Thankfully, I outgrew the propensity to non-hygienic practice when I realized that good hygiene was essential to pretty girls. Funny how that worked out. 

The number of available personal hygiene products has dramatically increased since I was young. In our house, bathing consisted of yellow bars of Dial soap. As I became more concerned with manliness, I switched to Irish Spring. Coast Deodorant Soap was never an option. Not because of cost, but its smell — which reminded me of the foul body odor I was trying to escape. 

These days, I’m inundated daily with advertisements for new brands of soaps with names and scents guaranteed to make women take notice. Maybe you’ve seen them too. Read this article out loud near your phone, and the ads will show up for you, too. 

The names and scents of these soaps are pretty creative. “Dirt under your fingertips” proves you’re a good worker.  “Sea and Hay” means you know how to work and play. “Artic Shenanigans” attracts snow bunnies even in South Mississippi. 
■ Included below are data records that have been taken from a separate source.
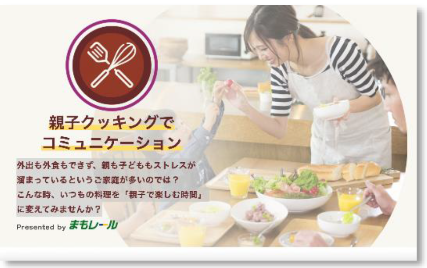 新型コロナウイルス感染症拡大の影響下で外出を控えなければいけないなか、親も子どももストレスが溜まっているというご家庭が多いのではないか、という発想から「親子クッキングでコミュニケーション」は生まれました。いつもの料理を「親子で楽しむ時間」に変えてみることで、親子の絆をサポートします。
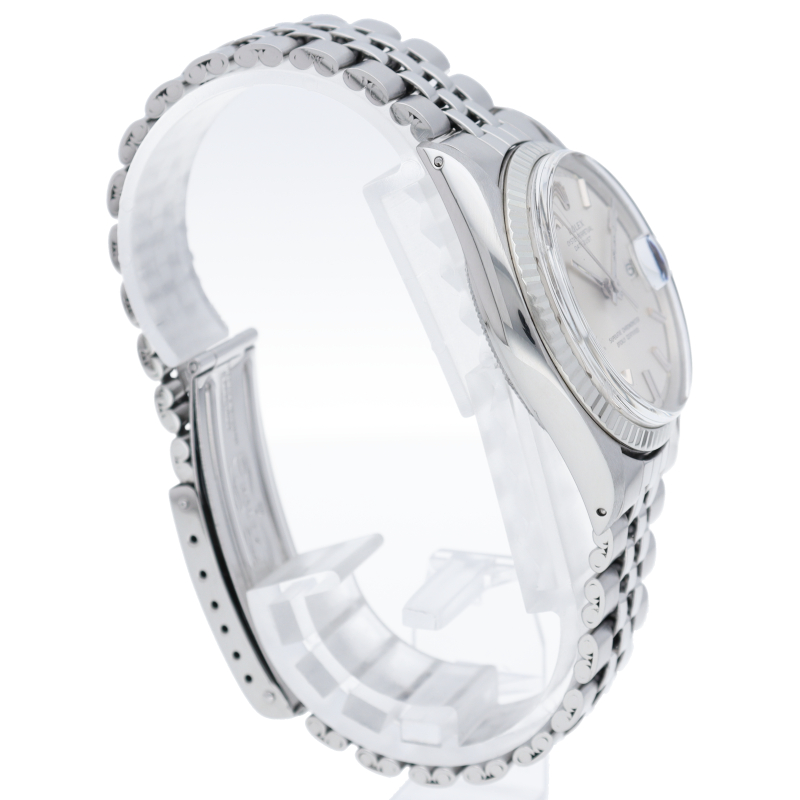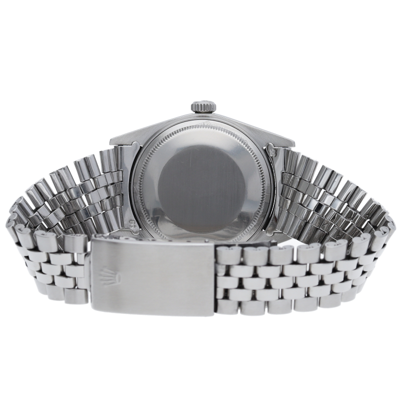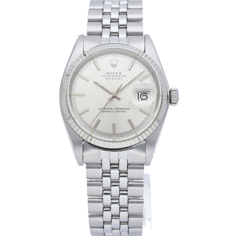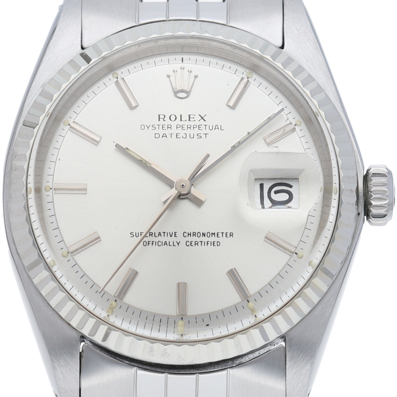 ロレックスのドレスウォッチの王道「デイトジャスト」。エンジンターンドベゼルのアンティーク感が逆に新鮮な1本。6時位置にインデックス等に貴金属が使用されている事を表すシグママークが入った、希少性・高級感の非常に高い1本です。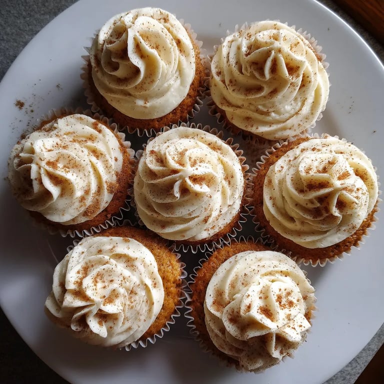 These cupcakes shine when served slightly chilled but not cold straight from the refrigerator. Pair them with a hot cup of coffee or spiced apple cider for the ultimate fall treat. For a dinner party dessert place each cupcake on a small plate with a sprinkle of cinnamon and a few candied pecans alongside. They also make a beautiful addition to a fall dessert table when displayed on a tiered stand with other seasonal treats like apple crisp or maple cookies.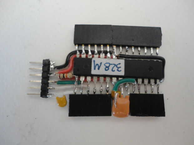 Soldado el receptáculo hembra de 1 x 6 al pin #1, 2, 3, 4, 5 y 6 de ATMega328P.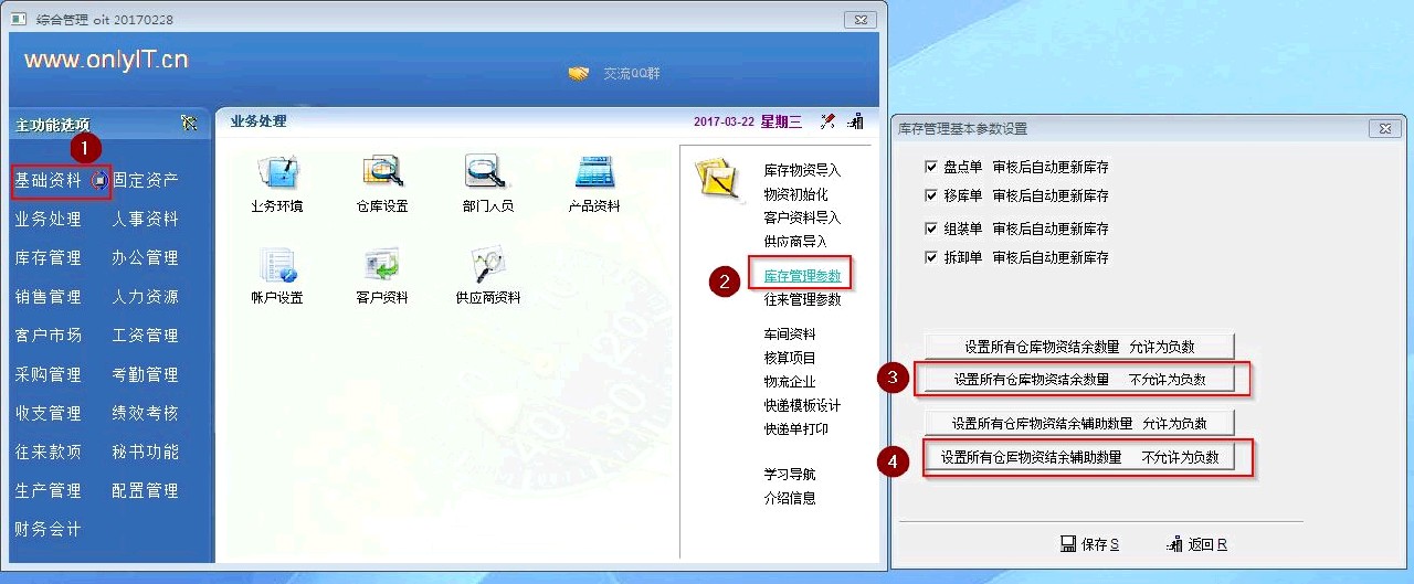 按照仓库的正常运作是先入库后出库,你所提到的问题只是入库单和出库单的操作顺序问题。在系统中可以限制库存为不负数的的配置选项,设置后,只要是出现负数库存,就不能审核单据。具体设置如下图。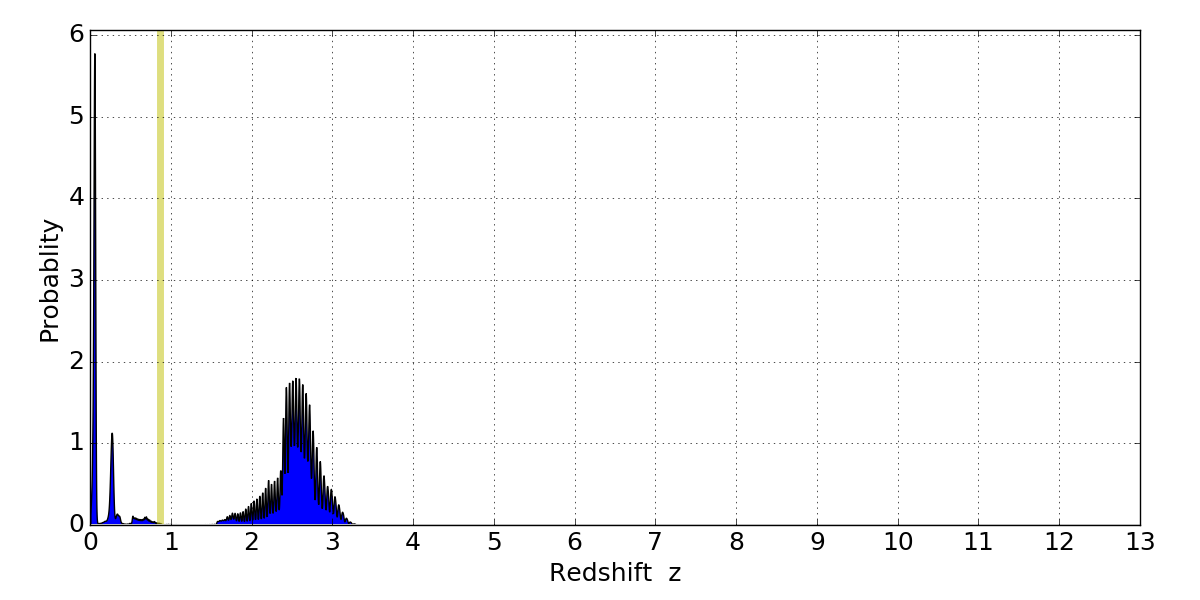 In P(z) plots: Yellow lines mark the cluster redshift z = 0.870,
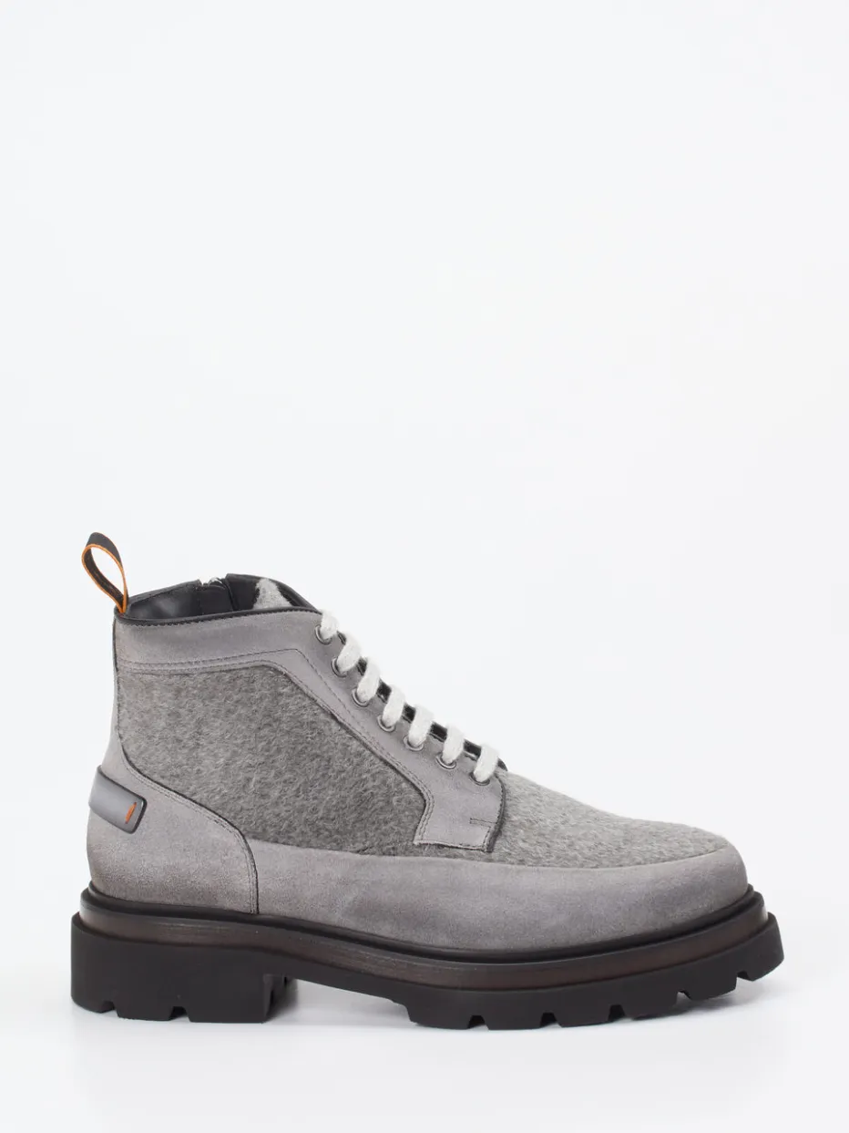 Stilvoller Begleiter mit urbanem Charakter.Santoni präsentiert diese luxuriösen Herren-Schnürboots aus feinem Veloursleder. Für kalte Tage in der Stadt oder längere Outdoor-Spaziergänge bieten diese knöchelhohen Boots mit Lammfellfutter angenehme Wärme und Tragekomfort. Das samtig genarbte, hellgraue Leder präsentiert sich im ausgewogenen Materialmix mit optisch markantem Filztextil. Der seitliche Reißverschluss ergänzt die Schnürung funktional und erleichtert den Einstieg. Die schwarze Gummisohle mit Profil sowie umlaufendem Rahmen in Holzoptik sorgt für sicheren Grip und Designtiefgang mit Utility-Charakter. Perfekt zu Wollmütze und Parka in gedeckten Tönen kombinierbar. Handwerkskunst von Santoni mit alltagstauglichem Komfort und progressivem Winterstyle.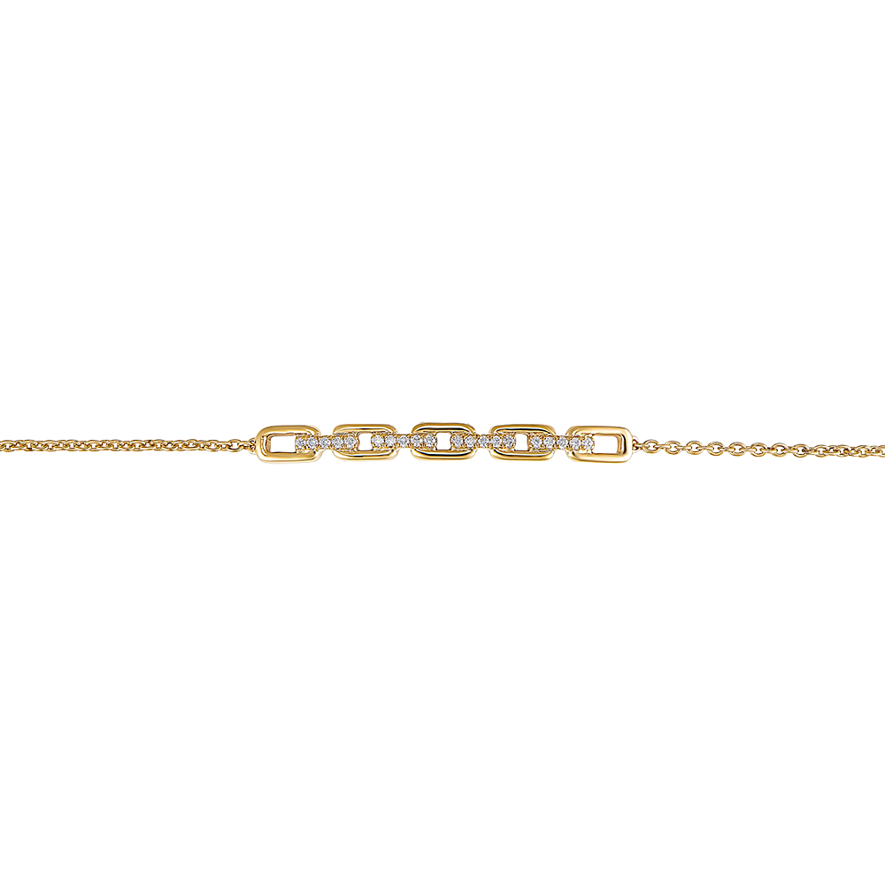 Cinq généreux maillons cubains sertis de diamants contrastent avec une délicate chaînette pour un bracelet or jaune classique revisité. Bracelet de longueur réglable : 18cm, 17cm, 16cm. 20 diamants : 0.08 carat - Or jaune (9 carats = 375/1000): 2 g. Plus dimensions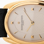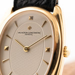 Nuestro ejemplar de 1996 está bellamente acabado en una caja de oro amarillo de 18 quilates y destaca por su esfera sigma blanca/plata de 18 quilates, el logotipo de Vacheron aplicado y una fantástica estructura de lino en el centro de la esfera.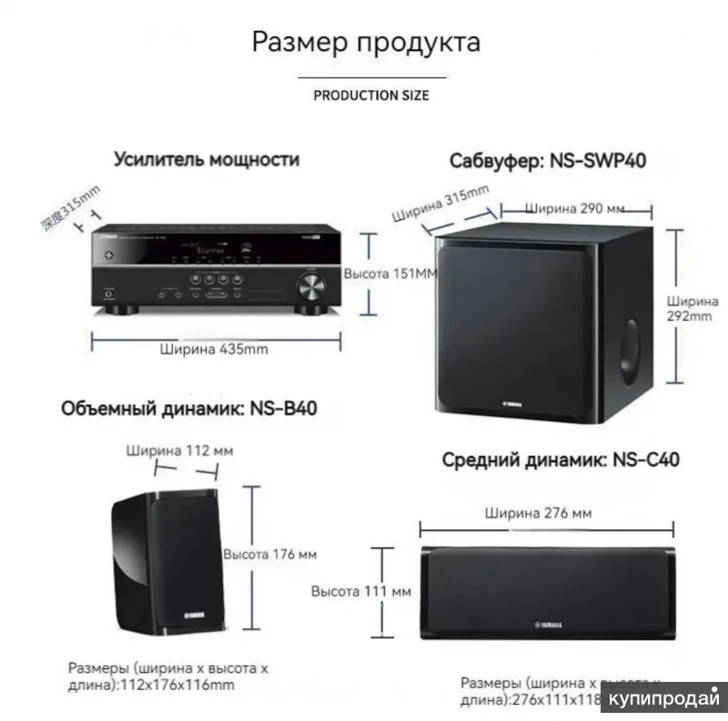 5.1-канальный спутниковый домашний кинотеатр YAMAHA YHT-1840 новинка Характеристики Добавить к сравнению Тип Домашний кинотеатр Тип усилителя Гибридный Максимальная мощность, Вт600Звуковая схема5.1Макс. частота, Гц25000ИнтерфейсыОптический аудио (Toslink)Мощность сабвуфера, Вт100БрендYamahaЦветЧерныйМощность тыловых колонок, Вт200Мин. частота, Гц30Отношение сигнал/шум, дБ83Подключение сабвуфера Проводное Беспроводные интерфейсыBluetooth, Wi-FiЧисло портов HDMI5Декодеры звукаDolby Digital IIФорматы воспроизведенияACC, AIFF, MP3, MPEG-4 AVC, WMA, WMVРазмер фронтальных колонок, см11.2*17.6*11.6Размер центрального канала, см27.6*11.1*11.8Размер тыловых колонок, см11.2*17.6*11.6Размер сабвуфера, см29*29*31.5Материал корпуса Пластик Страна-изготовитель Малайзия NOBLESTYLE Store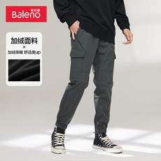 班尼路春秋新款男装日系休闲加绒抽绳长裤少年风工装休闲束脚裤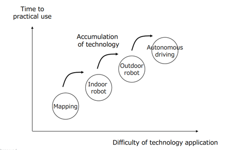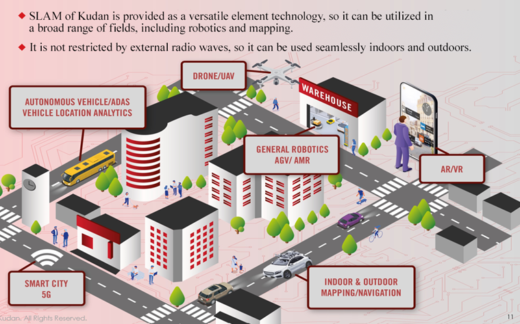 Kudan Indirect Visual SLAM, for example, is capable of processing information over 10 times faster with less processing power than the most prominent open-source software of camera-based SLAM technology. Compared to other solutions that can generally give only centimeter-level localization precision, such as 5 cm, the precision of Kudan Indirect Visual SLAM can be as small as millimeters. By combining these algorithms, etc., the company aims to further improve the function with higher speed and higher precision both indoors and outdoors, using multiple sensors, such as cameras and Lidar, together by integrating the systems through clock synchronization between the sensors (a process called tight coupling). This technological superiority has been enhanced further by the acquisition of Kudan Germany (former Artisense Corporation) as its subsidiary as mentioned later.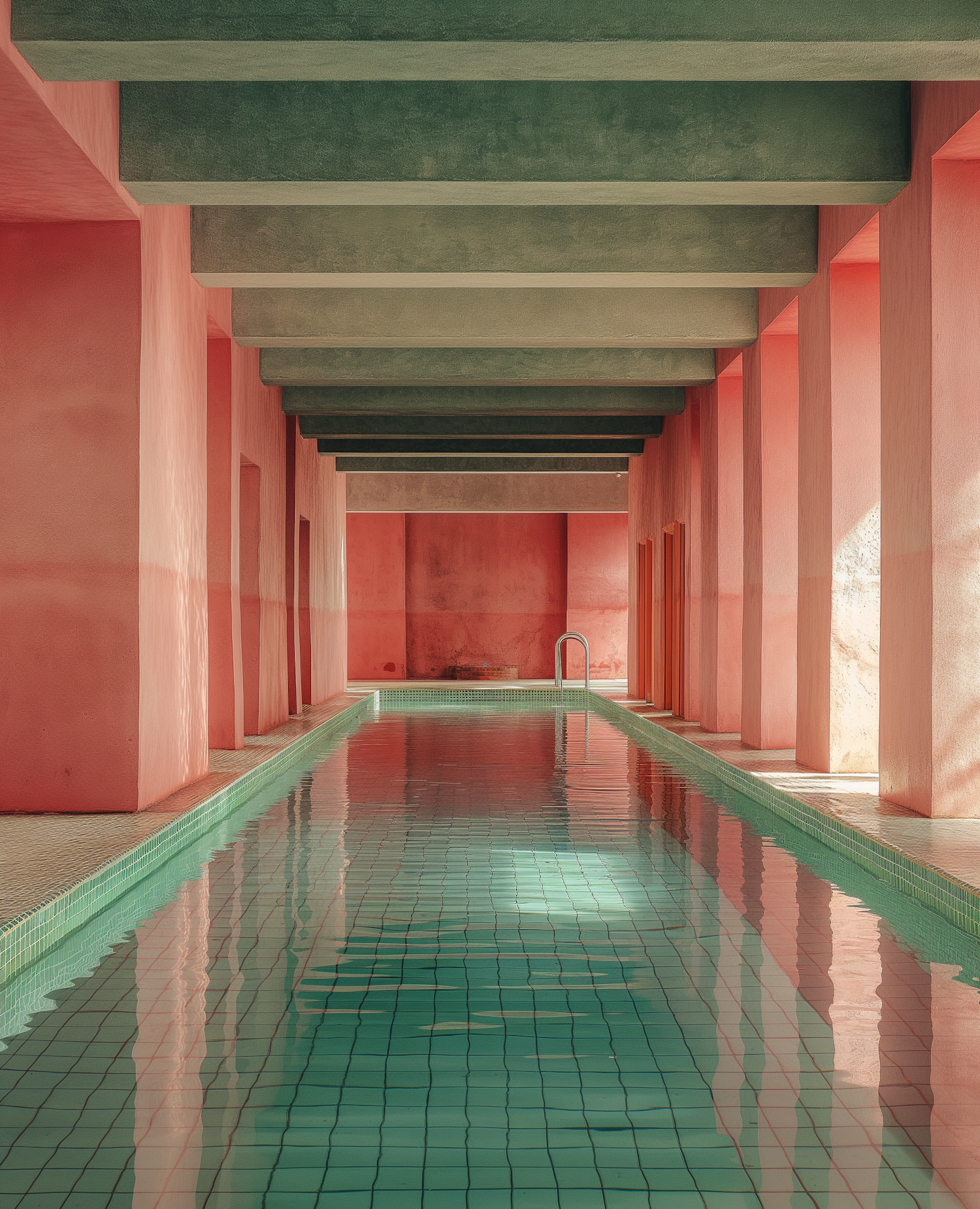 A serene indoor pool with pink walls and green beams, reflecting a modern minimalist design. Sunlight enhances the vibrant colors.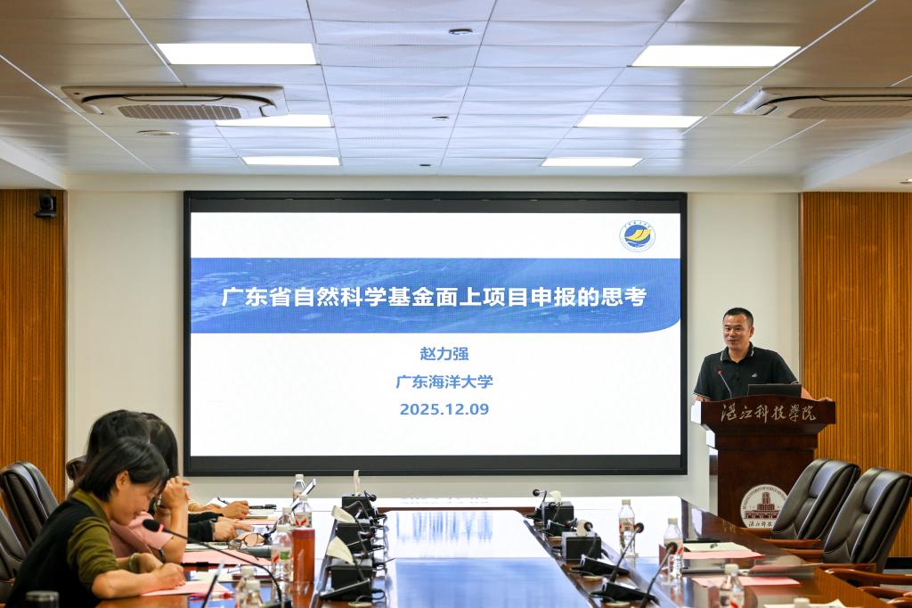 随后,赵力强作了题为“广东省自然科学基金面上项目申报的思考”的专题报告。他从项目负责人视角出发,梳理了申报流程中的关键环节,结合个人成功案例,强调了“本地化研究”与“学科交叉”的重要性。报告结束后,双方分组展开交流,我校专家团队针对湛江科技学院申请人提出的问题逐一解答,内容涵盖申报书选题、撰写技巧、数据支撑及研究基础等实操层面。

Yep. If you can imagine it, there is a soap for it. Heaven help me; I’ll need a whole page in the paper if we talk about beard care products. 

In the meantime, if you practice good personal hygiene, thank you. As an added value, if you don’t smell like Coast Deodorant Soap, my gag reflex also thanks you.  

Unfortunately, we sometimes accrue dirt and stains that are more than skin deep. Indeed, our behaviors can stink worse than a dead skunk in the middle of the road (there’s a song reference from the 70s). 

In the words of King David of old, I’m thankful for spiritual lather — for the One who cleanses and makes us whiter than snow. 

As we often tell our kids, don’t forget to use the Soap!